____ Data listing

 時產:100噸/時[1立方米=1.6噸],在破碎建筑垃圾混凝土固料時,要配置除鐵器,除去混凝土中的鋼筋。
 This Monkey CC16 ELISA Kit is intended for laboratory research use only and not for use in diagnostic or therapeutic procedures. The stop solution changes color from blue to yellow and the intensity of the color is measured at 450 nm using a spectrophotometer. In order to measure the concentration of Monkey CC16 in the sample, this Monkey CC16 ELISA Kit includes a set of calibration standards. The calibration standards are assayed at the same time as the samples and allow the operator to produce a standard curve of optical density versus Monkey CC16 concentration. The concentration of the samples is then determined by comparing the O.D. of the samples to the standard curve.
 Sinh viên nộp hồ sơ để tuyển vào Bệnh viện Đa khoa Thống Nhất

________
____ Data listing

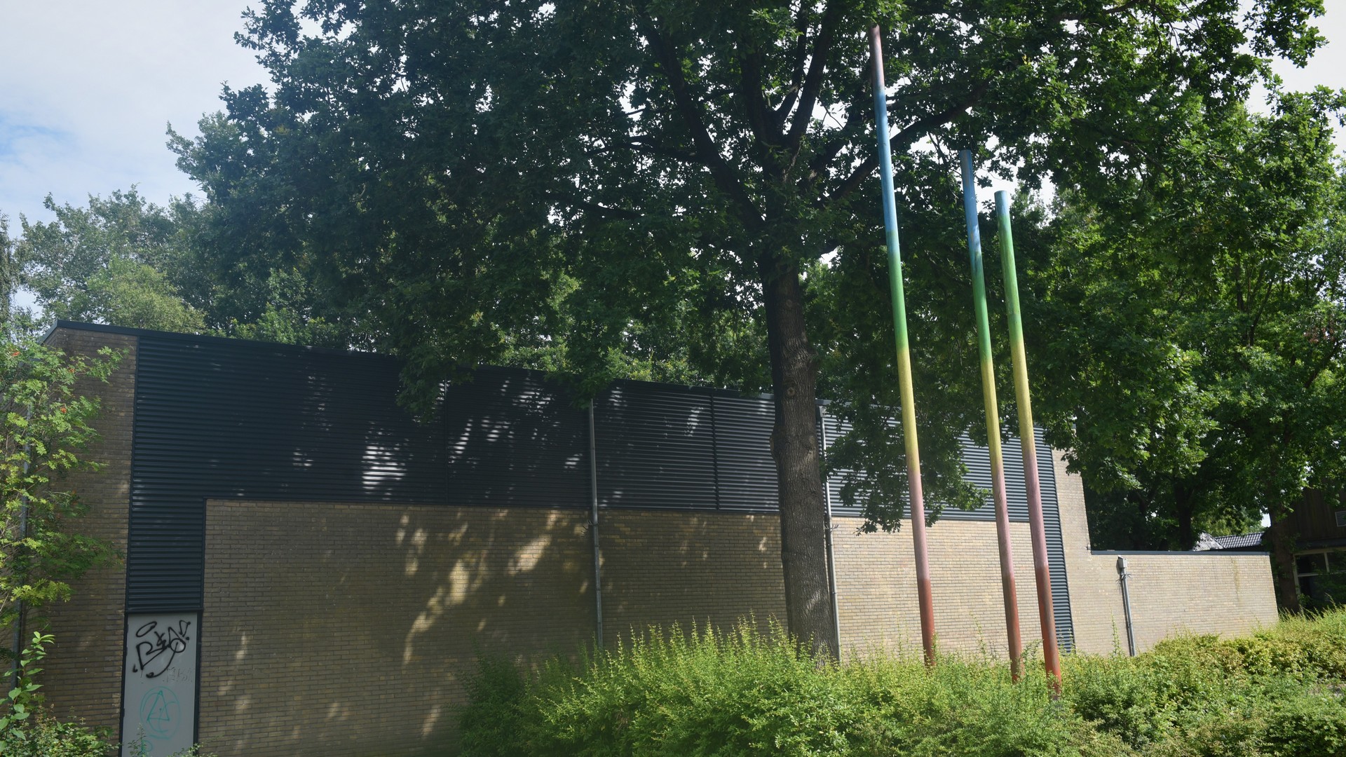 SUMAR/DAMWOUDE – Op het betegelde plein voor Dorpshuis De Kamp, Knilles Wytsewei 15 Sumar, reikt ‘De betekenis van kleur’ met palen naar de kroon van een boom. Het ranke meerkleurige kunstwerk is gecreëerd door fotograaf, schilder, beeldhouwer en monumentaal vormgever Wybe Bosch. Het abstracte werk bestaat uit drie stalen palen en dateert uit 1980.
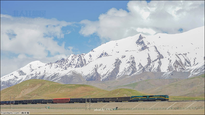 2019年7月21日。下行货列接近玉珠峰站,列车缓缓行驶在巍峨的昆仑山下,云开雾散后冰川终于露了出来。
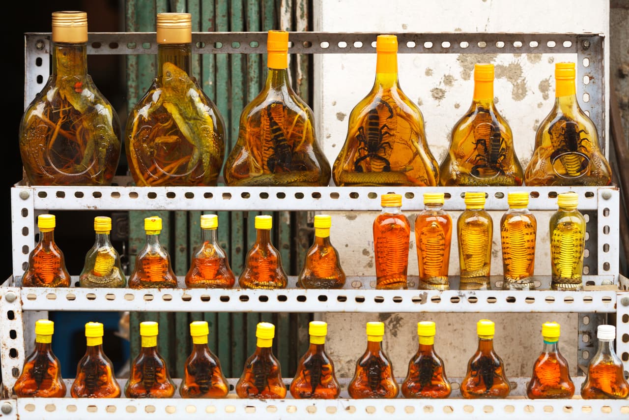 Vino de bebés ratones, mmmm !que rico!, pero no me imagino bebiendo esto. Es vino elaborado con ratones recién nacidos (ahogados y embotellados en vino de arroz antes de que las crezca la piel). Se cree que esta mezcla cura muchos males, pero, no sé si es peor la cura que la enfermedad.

________
____ Data listing

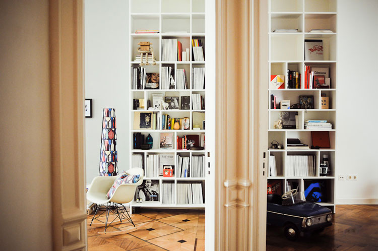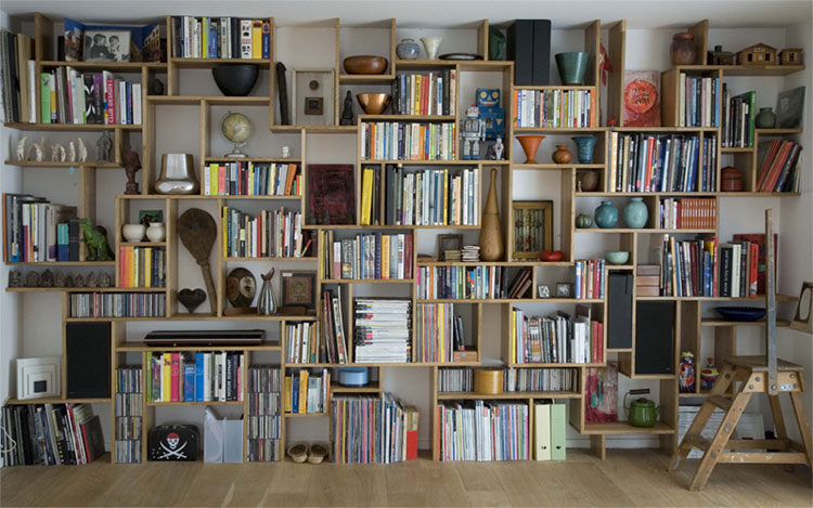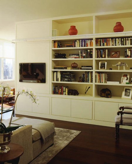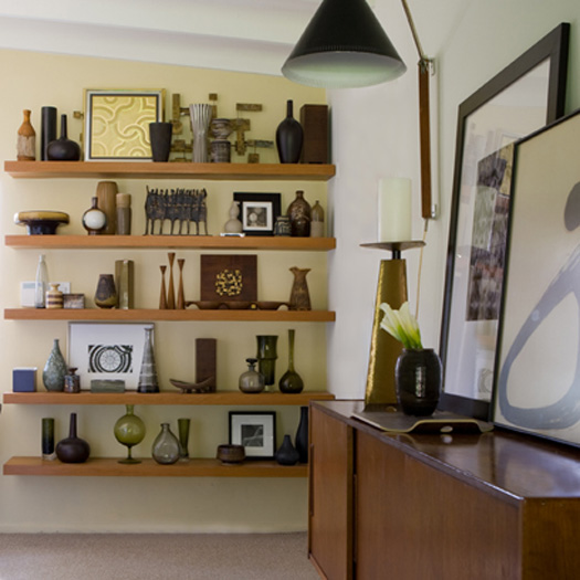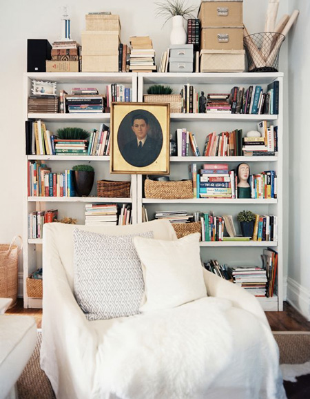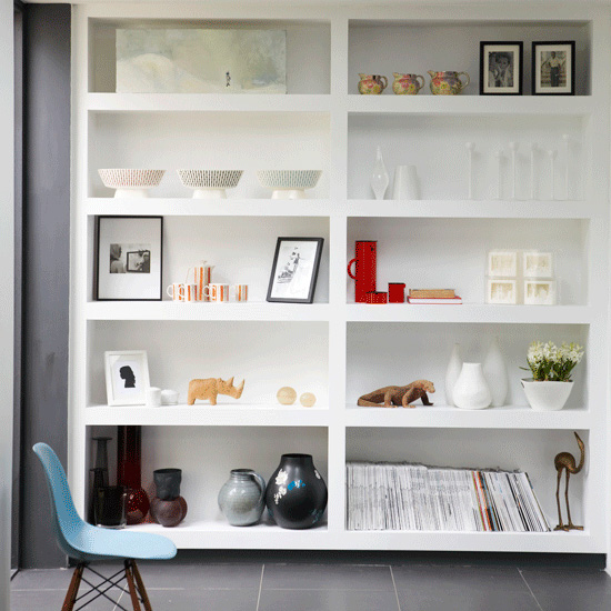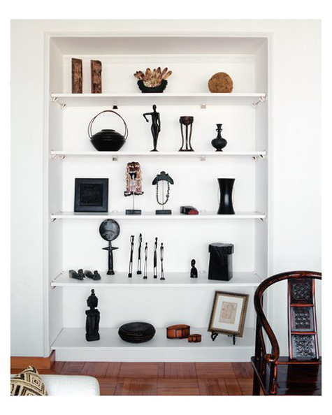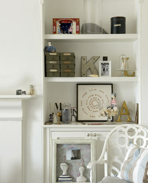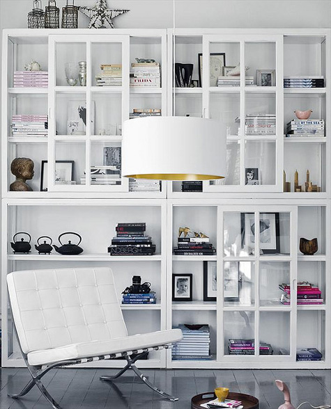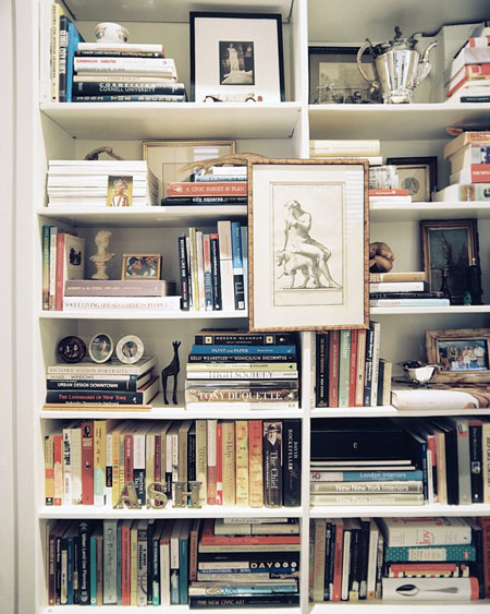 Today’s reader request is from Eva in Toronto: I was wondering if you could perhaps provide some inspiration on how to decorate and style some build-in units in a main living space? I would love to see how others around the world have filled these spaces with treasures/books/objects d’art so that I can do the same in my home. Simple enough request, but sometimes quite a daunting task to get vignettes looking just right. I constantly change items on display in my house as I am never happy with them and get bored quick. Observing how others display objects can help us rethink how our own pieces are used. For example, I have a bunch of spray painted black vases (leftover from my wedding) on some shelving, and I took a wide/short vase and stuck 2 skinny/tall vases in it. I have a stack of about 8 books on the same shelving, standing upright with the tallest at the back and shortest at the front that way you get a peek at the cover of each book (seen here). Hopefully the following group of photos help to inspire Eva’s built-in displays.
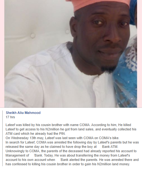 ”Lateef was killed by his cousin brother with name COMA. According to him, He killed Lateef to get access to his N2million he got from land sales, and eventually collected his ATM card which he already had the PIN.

________

# Task:
Look above for the line that contains "時產:100噸/時[1立方米". Starting there, transcribe every line exactly until you have copied the line that contains "Sinh viên nộp".

# Solved exercise:
 時產:100噸/時[1立方米=1.6噸],在破碎建筑垃圾混凝土固料時,要配置除鐵器,除去混凝土中的鋼筋。
 This Monkey CC16 ELISA Kit is intended for laboratory research use only and not for use in diagnostic or therapeutic procedures. The stop solution changes color from blue to yellow and the intensity of the color is measured at 450 nm using a spectrophotometer. In order to measure the concentration of Monkey CC16 in the sample, this Monkey CC16 ELISA Kit includes a set of calibration standards. The calibration standards are assayed at the same time as the samples and allow the operator to produce a standard curve of optical density versus Monkey CC16 concentration. The concentration of the samples is then determined by comparing the O.D. of the samples to the standard curve.
 Sinh viên nộp hồ sơ để tuyển vào Bệnh viện Đa khoa Thống Nhất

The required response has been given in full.